DDP training gets terminated in the middle of the training because of some SIGKILL received by a PID (forked child process)
Closed this issue · 2 comments
Describe the bug
traceback : Signal 9 (SIGKILL) received by PID 10398
WARNING:torch.distributed.elastic.multiprocessing.api:Sending process 10401 closing signal SIGTERM
ERROR:torch.distributed.elastic.multiprocessing.api:failed (exitcode: -9) local_rank: 0 (pid: 10398) of binary: /anaconda/envs/py37_default/bin/python
Traceback (most recent call last):
File "/anaconda/envs/py37_default/lib/python3.7/runpy.py", line 193, in _run_module_as_main
"main", mod_spec)
File "/anaconda/envs/py37_default/lib/python3.7/runpy.py", line 85, in _run_code
exec(code, run_globals)
File "/home/..../torch/distributed/launch.py", line 193, in
main()
File "/home/.../torch/distributed/launch.py", line 189, in main
launch(args)
File "/home/.../torch/distributed/launch.py", line 174, in launch
run(args)
File "/home/.../torch/distributed/run.py", line 713, in run
)(*cmd_args)
File "/home/.../torch/distributed/launcher/api.py", line 131, in call
return launch_agent(self._config, self._entrypoint, list(args))
File "/home/jupyte.../torch/distributed/launcher/api.py", line 261, in launch_agent
failures=result.failures,
torch.distributed.elastic.multiprocessing.errors.ChildFailedError:
To Reproduce
Just a normal stoke training script
stoke_model = Stoke(
model=model,
verbose=True,
optimizer=optimizer,
loss=loss,
batch_size_per_device= opt.batchSize,
gpu=True,
fp16=None,
distributed=DistributedOptions.ddp.value,
fairscale_oss=True,
fairscale_sddp=True,
grad_accum_steps=1,
configs= [amp_config, ddp_config, oss_config],
grad_clip=ClipGradNormConfig(max_norm = opt.grad_clip, norm_type=2.0),
)
def train(train_dataloader, stoke_model: Stoke, scheduler1, scheduler2, epoch: int):
example_ct = 0 # number of examples seen
batch_ct = 0
sum_loss = 0
stoke_model.print_on_devices(f"Starting Epoch {epoch + 1}")
stoke_model.model_access.train()
for idx, (inputs, targets) in enumerate(train_dataloader):
# call the model through the stoke onkect interface
outputs = stoke_model.model(inputs)
train_loss = stoke_model.loss(outputs, targets)
stoke_model.print_ema_loss(prepend_msg=f"Step {idx+1} -- EMA Loss")
# Call backward through the stoke object interface
stoke_model.backward(loss=train_loss)
# Call step through the stoke object interface
stoke_model.step()
scheduler1.step()
scheduler2.step
sum_loss += train_loss
example_ct += len(inputs)
batch_ct += 1
# Report metrics every 50th batch
if ((batch_ct + 1) % 50) == 0:
train_log(train_loss, example_ct, epoch)
#print(train_loss, example_ct, epoch)
avg_loss = sum_loss / len(train_dataloader)
return avg_loss
for epoch in tqdm(range(epochs), leave=True):
train_loss = train(train_dataloader, stoke_model, scheduler1, scheduler2, epoch)

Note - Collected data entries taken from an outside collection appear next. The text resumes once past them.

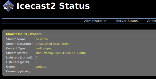 C’est la page par défaut de Icecast. Mais lorsqu’un stream est en cours vous aurez quelque chose comme ça :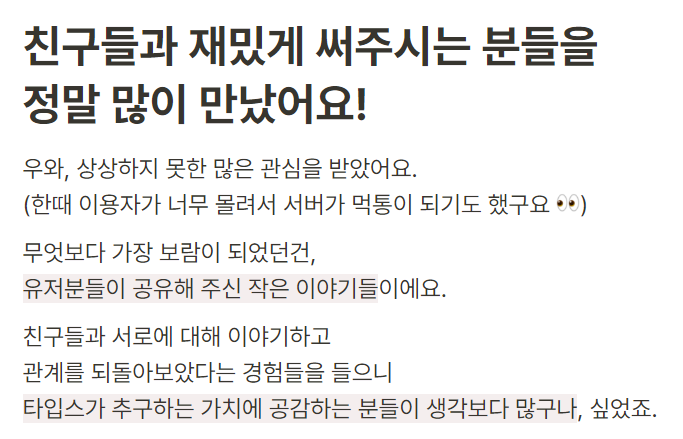 개인적으로 이렇게 MBTI 관련해서 단발성 이벤트 페이지가 아닌 앱 서비스로 나왔다는 점이 인상깊었어요. 기존의 다른 서비스들의 한계를 극복하고 어떻게 사용자들이 서비스를 지속적으로 이용하게 만들 것인지, 어떻게 서비스를 유지하고 디벨롭할 것인지 기대가 많이 됩니다. 특히 계속해서 서비스를 운영하려면 비즈니스 모델을 구축해야 할텐데 광고를 최소화(현재는 광고없음)한다는 정책을 기반으로 어떤 수익구조를 만들어갈지 참 궁금합니다. 사실 이번에 비즈니스 모델에 대한 고민도 나름대로 해봤고 같이 풀어보고 싶었는데 시간관계상(ㅋㅋ) 랜딩페이지 부분만 살펴보았어요! 아무튼 지금의 핫한 바이럴을 계속해서 유지해갈 수 있는지 관심있게 지켜볼 예정입니다. 여러분들도 MBTI에 관심이 있다면 요즘 트렌드에 발맞추어 타입스 한 번 어떠세요?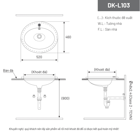 CHẬU LAVABO DƯƠNG VÀNH DK-L102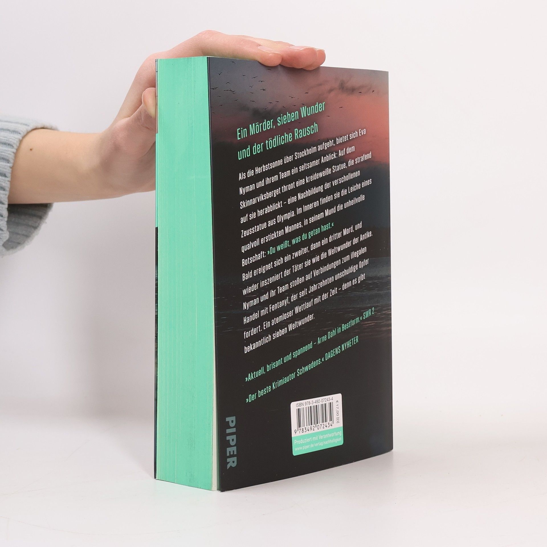 Eva Nyman jagt einen Killer, der Rache zur Kunst erhebt Als die Herbstsonne über Stockholm aufgeht, bietet sich Eva Nyman und ihrem Team ein seltsamer Anblick: Auf dem Skinnarviksberg thront eine kreideweiße Statue, die strafend auf sie herabblickt – eine Nachbildung der verschollenen Zeusstatue aus Olympia. Im Inneren finden sie die Leiche eines qualvoll erstickten Mannes, in seinem Mund die unheilvolle Botschaft: »Du weißt, was du getan hast.« Bald ereignet sich ein zweiter, dann ein dritter Mord, und wieder inszeniert der Täter sie als Weltwunder der Antike. Die Spuren führen in die Drogenszene, wo der illegale Handel mit Fentanyl seit Jahrzehnten unschuldige Opfer fordert. Kann Eva Nyman den Mörder stoppen, bevor er seine grausame Serie vollendet? Denn es gibt bekanntlich sieben Weltwunder …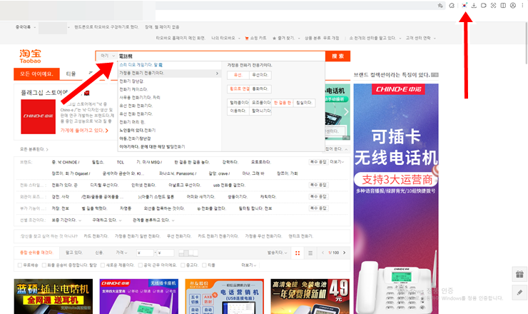 그리고 네이버 번역기나 파파고를 이용하여 검색하고자 하는 키워드를 입력하여 중국어로 번역을 한 후 검색창에 입력하면 된다. 너무 중국어가 많아서 어지러울 수 있다. 이럴 때는 사진에서 처럼 우리나라 국기로 변경해 주시고 보면 한글로 번역이 된다. 저는 전화기를 입력을 하였고 입력을 하니 위에 사진처럼 연관검색어도 한글로 번역되어 알기 쉽게 나와있으니 세부적인 상품 서치가 가능하다. 연관 검색어도 나와있으니 상품 소싱을 할 때 키워드를 선정할 때 유용하게 사용할 수 있다.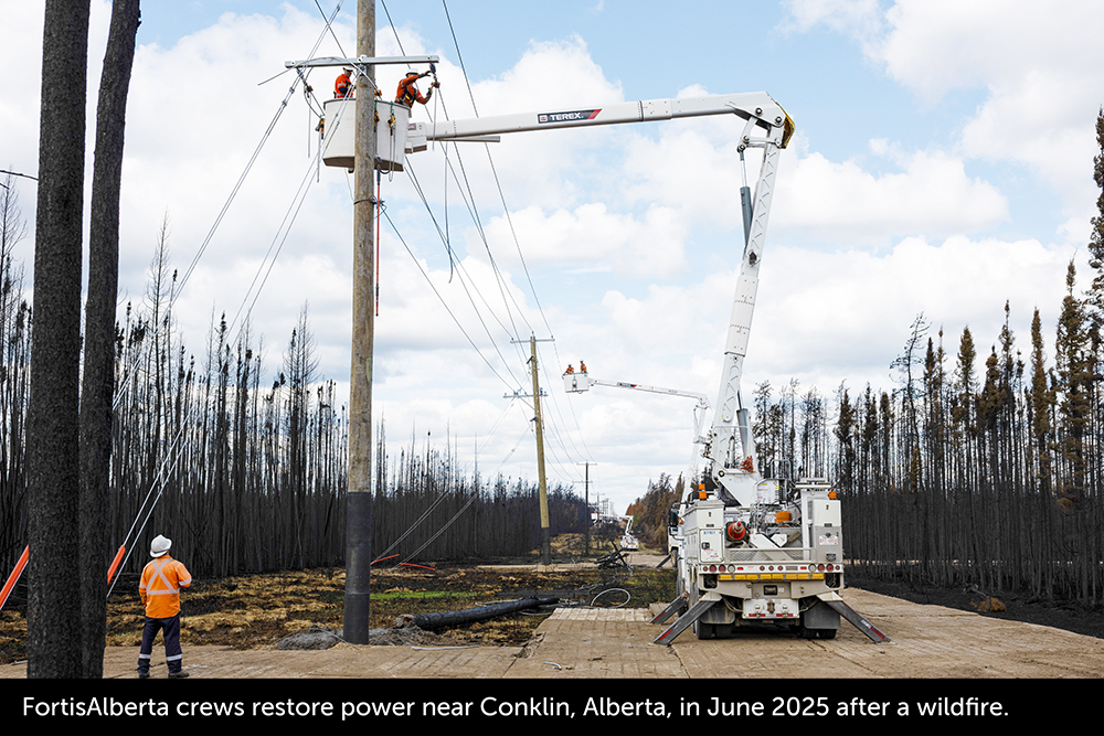 Wildfire conditions in Alberta can change quickly. That’s why FortisAlberta prepares yearround to reduce wildfire risk and help keep communities safe. In 2026, we continue to invest in safety measures that protect the communities we serve while delivering safe and reliable electricity across the province.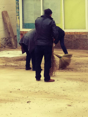 由于烧香人多,寺院值班人员少。工作人员守候在大宝寺烧香台附近,随时观察香炉内的火势。承恩寺驻寺工作组帮助承恩寺僧侣打扫寺院卫生,为寺院僧侣营造一个好的生活环境。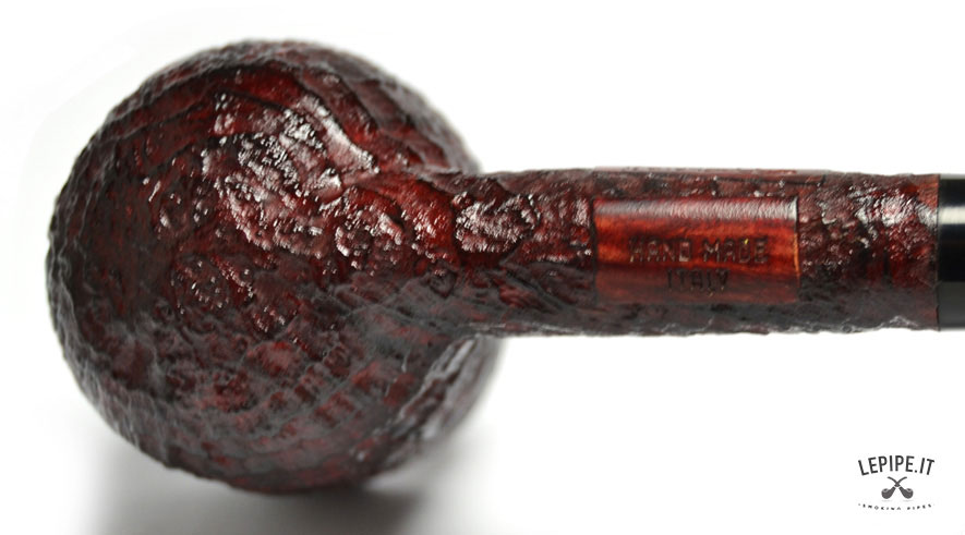 Pipa Regina Scarlatta - n. 46  Bocchino in ebanite Senza filtro Sabbiata Senza elaborazione Diametro Interno: 20 mm. Diametro Esterno: 36 mm. Lunghezza: 146 mm. Altezza: 47 mm. Peso: 36 gr. Profondità: 38 mm.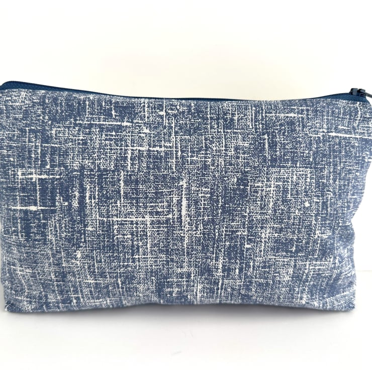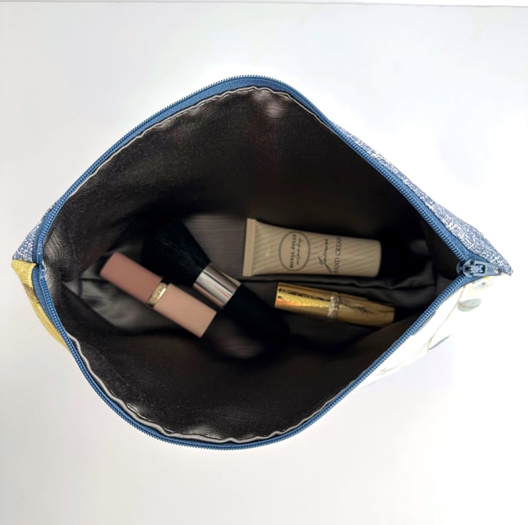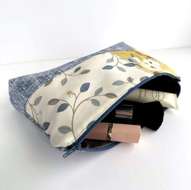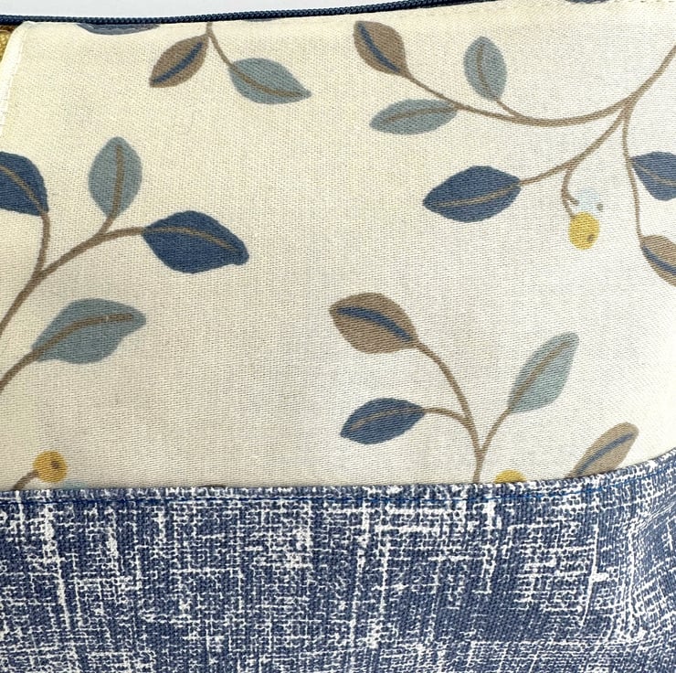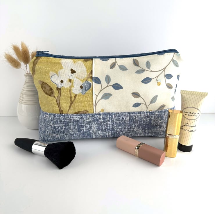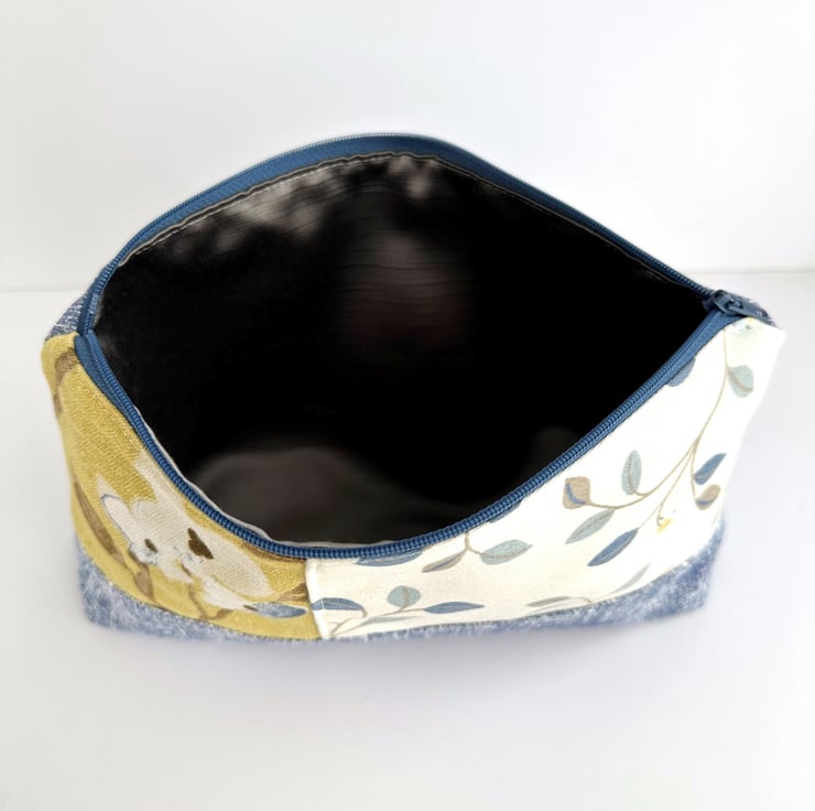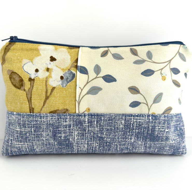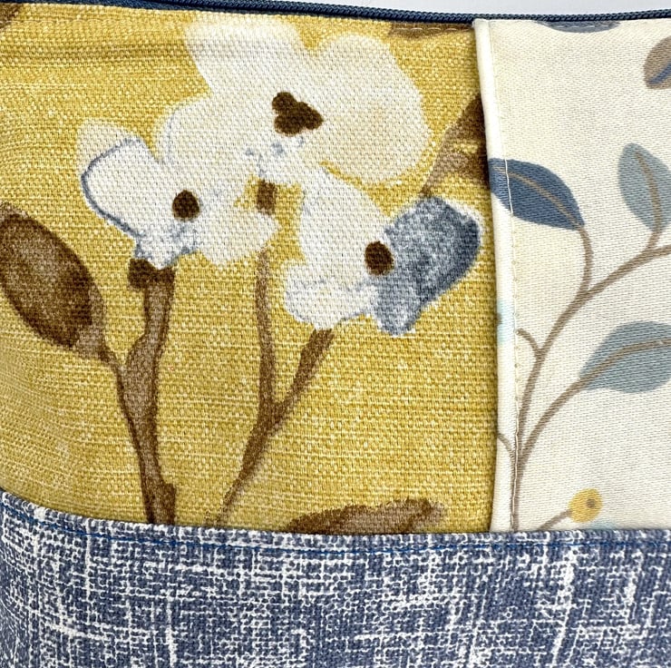 This handy large sized make up bag is made from three lovely print fabrics which complement each other beautifully. The front of the cosmetic bag has three panels. The upper part of the front of the bag is made up of two asymmetric panels. The wider panel features a delightful pattern of leaves and berries depicted in shades of blue, beige and mustard yellow, on a cream background. The narrower panel is made from a floral print fabric in shades of blue, white and brown on a mustard yellow background. The lower section of the front, and the entire back, are made from blue fabric with a pattern of white flecked, criss-crossed lines. The make up bag fastens with a matching blue zip and is lined with grey satin. The base of the bag is boxed giving plenty of room inside.

val_loss = validate(val_dataloader, stoke_model, epoch)
save_checkpoint(stoke_model, epoch, train_loss, val_loss)
The actual script is posted here - https://gist.github.com/rushi-the-neural-arch/bee47ba87e5ddabf0cb47def9bc0b013
-
Ran config as -
env CUDA_VISIBLE_DEVICES=0,1,2,3 python -m torch.distributed.launch --nproc_per_node=4 Stoke-DDP.py --projectName "Stoke-4K-2X-DDP" --batchSize 18 --nEpochs 2 --lr 1e-3 --weight_decay 1e-4 --grad_clip 0.1
-
Error produced is -
WARNING:torch.distributed.elastic.multiprocessing.api:Sending process 10401 closing signal SIGTERM
Expected behavior
Ohkay so I know this issue is more of a PyTorch DDP concern and not a Stoke issue as I found many users face this problem and there doesn't seem any definitive solution for this apart from downgrading the torch version. You can see here, a workaround just 2 days ago - pytorch/pytorch#67538, the user downgraded his torch version from 1.10 to 1.8 which solved this particular issue but as Stoke requires torch version to be greater than 1.81, I guess this would not be possible for us. Maybe torch 1.10 version is just recently rolled out so they might not have fixed this from their end but do you happen to know any alternative approach/solution for this??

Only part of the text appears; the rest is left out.